> _ABOUT THIS EXERCISE_: Set down each entry exactly as given; pictures should not appear in the copy.

(Items from a data source)
★ ★ ★ ★ ★ ★ ★

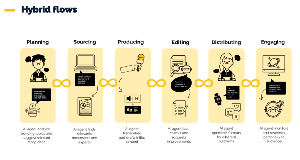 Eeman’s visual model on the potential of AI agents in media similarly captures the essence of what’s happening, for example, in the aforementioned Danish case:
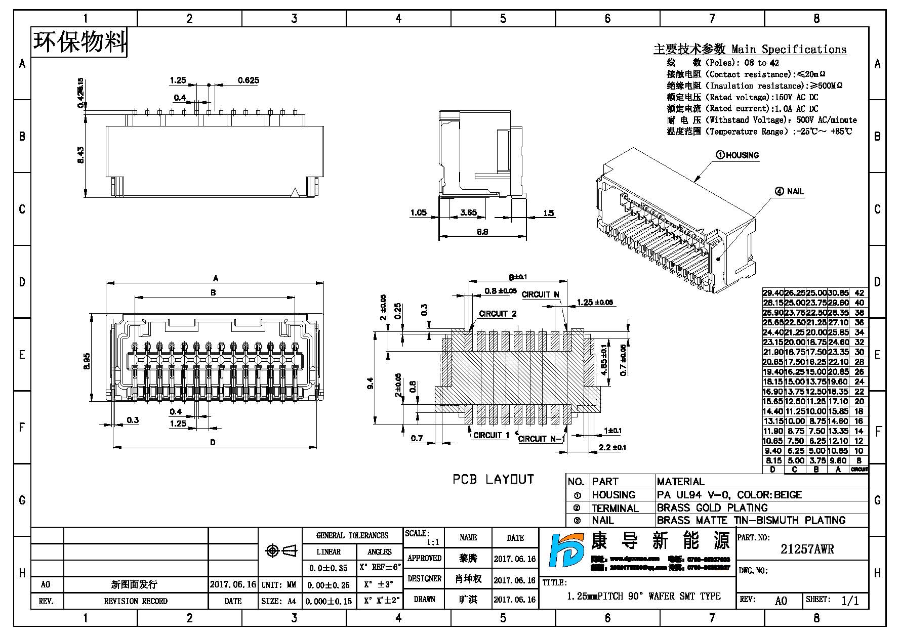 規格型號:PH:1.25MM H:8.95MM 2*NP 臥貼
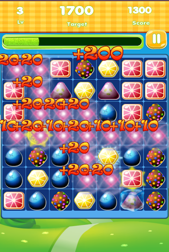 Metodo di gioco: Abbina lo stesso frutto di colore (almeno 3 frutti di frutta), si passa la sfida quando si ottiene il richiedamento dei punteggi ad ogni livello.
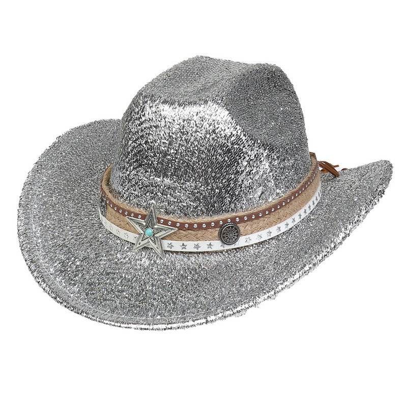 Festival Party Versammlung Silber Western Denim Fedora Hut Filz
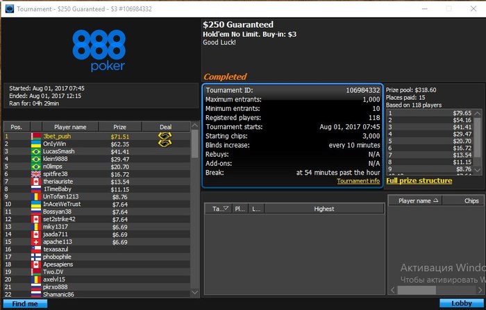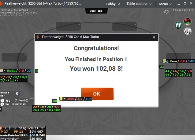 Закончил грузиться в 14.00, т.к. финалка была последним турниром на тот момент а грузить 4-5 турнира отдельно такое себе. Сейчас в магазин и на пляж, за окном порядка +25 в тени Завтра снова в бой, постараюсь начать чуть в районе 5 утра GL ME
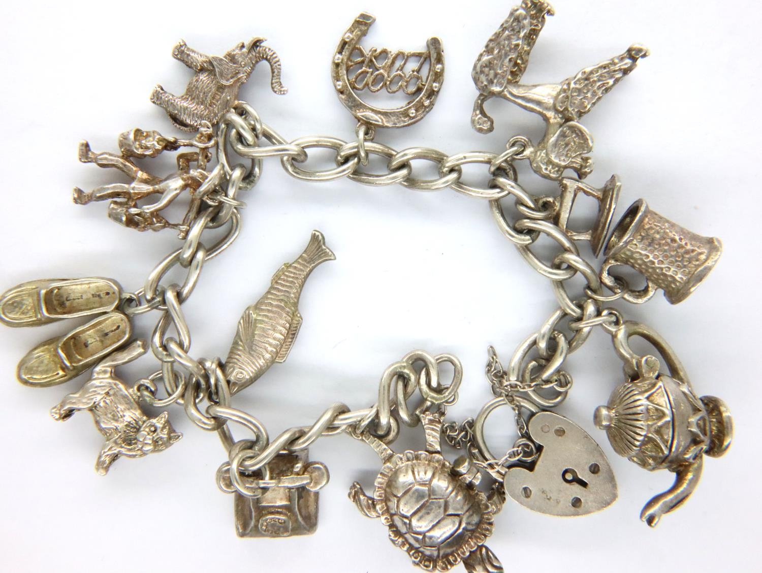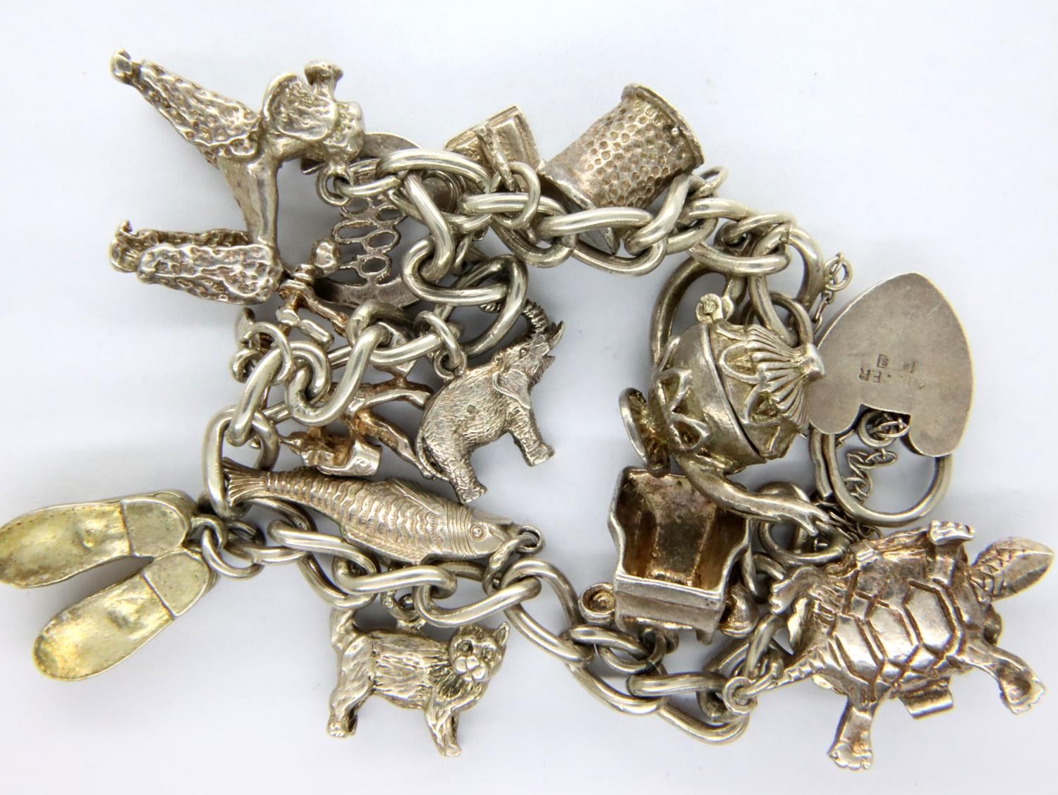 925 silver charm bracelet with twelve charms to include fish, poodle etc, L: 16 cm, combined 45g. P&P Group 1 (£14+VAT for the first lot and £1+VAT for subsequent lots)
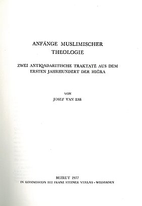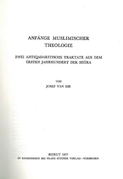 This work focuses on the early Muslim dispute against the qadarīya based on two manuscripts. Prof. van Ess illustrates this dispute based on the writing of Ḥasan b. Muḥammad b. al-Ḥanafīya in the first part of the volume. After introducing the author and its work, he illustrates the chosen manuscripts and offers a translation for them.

★ ★ ★ ★ ★ ★ ★

> _EXERCISE RESPONSE_:
 Eeman’s visual model on the potential of AI agents in media similarly captures the essence of what’s happening, for example, in the aforementioned Danish case:
 規格型號:PH:1.25MM H:8.95MM 2*NP 臥貼
 Metodo di gioco: Abbina lo stesso frutto di colore (almeno 3 frutti di frutta), si passa la sfida quando si ottiene il richiedamento dei punteggi ad ogni livello.
 Festival Party Versammlung Silber Western Denim Fedora Hut Filz
 Закончил грузиться в 14.00, т.к. финалка была последним турниром на тот момент а грузить 4-5 турнира отдельно такое себе. Сейчас в магазин и на пляж, за окном порядка +25 в тени Завтра снова в бой, постараюсь начать чуть в районе 5 утра GL ME
 925 silver charm bracelet with twelve charms to include fish, poodle etc, L: 16 cm, combined 45g. P&P Group 1 (£14+VAT for the first lot and £1+VAT for subsequent lots)
 This work focuses on the early Muslim dispute against the qadarīya based on two manuscripts. Prof. van Ess illustrates this dispute based on the writing of Ḥasan b. Muḥammad b. al-Ḥanafīya in the first part of the volume. After introducing the author and its work, he illustrates the chosen manuscripts and offers a translation for them.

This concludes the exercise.